Martens eventually weighed in 80.7 pounds to finish second on the Sacramento, and then backed that up a week later with 68.9 pounds and another win on Lake Havasu, the seventh victory and 65th top-10 finish in his B.A.S.S. career.
"You don't beat your gear up on Havasu the same way you would on the Delta, but you're still out there fishing and running for seven days in 102-degree heat," Martens says. "That's not easy on you as a person, and it's not easy on your motor. The 250 Mercury OptiMax Pro XS just handles the conditions, no matter where we are."
Making the most of the stretch drive
Martens maintained momentum from his dominating West Coast swing with top-20 finishes in his next two events (13th at Zippo BASSfest at Kentucky Lake; 15th at the Evan Williams Bourbon Elite at St. Lawrence River), squeezing past Dean Rojas and Justin Lucas and entering the Huk Performance Fishing Elite at Chesapeake Bay with an 11-point lead in the AOY standings.
Martens wasted little time in establishing himself as the angler to beat on the Chesapeake, committing to the longest run in the 107-man field – roughly 40 miles each way through heavy late-summer boat traffic – and bringing 17.8 pounds to the scales on Day 1. He followed that up with 15.0 and 16.5 on Days 2 and 3, respectively, and then blew the doors off Championship Sunday with 21.5 (the heaviest bag of the tournament) for the wire-to-wire win.
"There aren't that many places on Chesapeake Bay where you can count on the quality of fish to be consistent for four days this time of the year, but I knew I had the right fish," Martens said. "Parts of that system remind me of the Miracle Mile in Detroit: the further down you go and the closer you get to Baltimore, the more you get bounced around by boat wakes from giant yachts. Plus, there are miles and miles of crab pots that you have to navigate through. If you ever want to run a test of a 250 Mercury OptiMax Pro XS, that's the place to do it."
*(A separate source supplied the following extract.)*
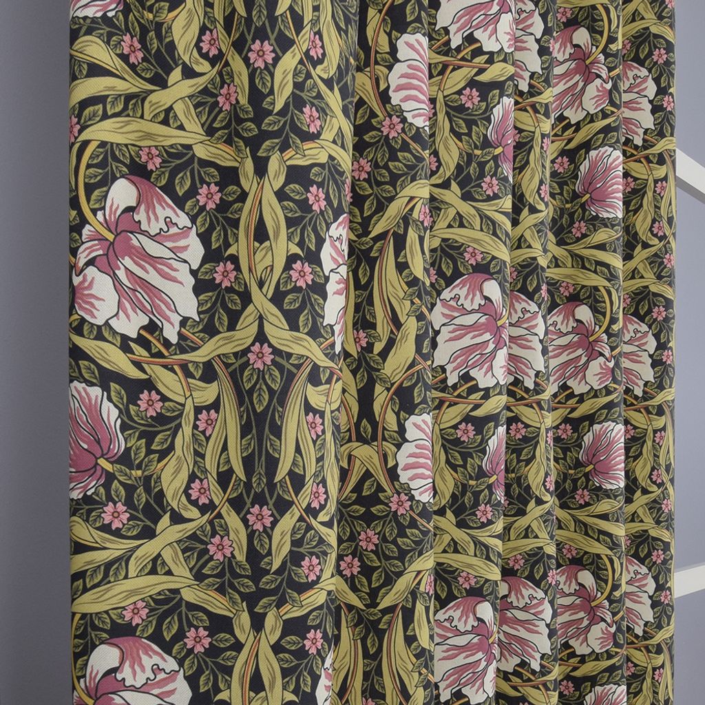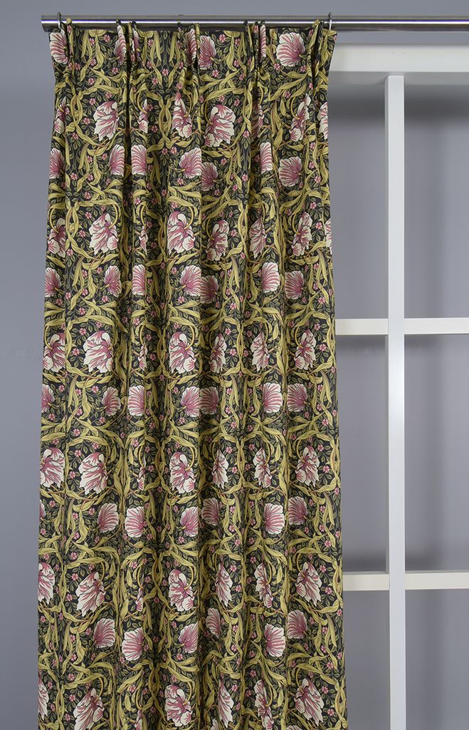 Beskrivning av Grace rosa-grön gardiner - Klassisk blommig Arts and Crafts design

Locking up the AOY on St. Clair
Martens' Chesapeake win extended his AOY cushion to more than 50 points entering the Plano Elite on St. Clair, a monumental gap regardless of the outcome at St. Clair. Martens started off well enough, weighing 18.5 pounds of St. Clair smallmouth on Day 1 to settle into 24th place, but by the time he came to the scales on Championship Sunday at St. Clair Metropark and weighed in for his final total of 75.7 (sixth place), Martens had mathematically secured his third Angler of the Year trophy, which he'll receive Sept. 20 at the AOY Championship in Wisconsin.
"I guess the best way for me to describe this season is 'incredible'," Martens said. "To be able to put yourself in contention to win an Elite Series tournament – to make a Top 12 – is a major accomplishment. It's really hard to do that. To do that several times a season and give yourself a chance to win an Angler of the Year is 100 times harder than that. I can't even believe that this season is over, everything happened so fast. But it's been an amazing year, one I'll never forget."
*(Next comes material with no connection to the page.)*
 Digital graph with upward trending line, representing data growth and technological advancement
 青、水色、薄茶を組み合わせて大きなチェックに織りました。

NOTES: Martens' previous AOY titles came in 2005 and 2013 … Martens' tournament winnings of $286,500 this season pushed his career B.A.S.S. earnings to $2.53 million, fourth place on the all-time list (Mercury pros Kevin VanDam and Skeet Reese are first and second, respectively) … Martens' performance at Lake St. Clair moved him into the No. 1 spot on the BassFan.com World Rankings for the first time in his career … Martens is one of seven Mercury pros in the Top 10 standings entering the AOY Championship (Powroznik, Edwin Evers, Brent Ehrler, Skeet Reese, Bernie Schultz and Greg Hackney are the others).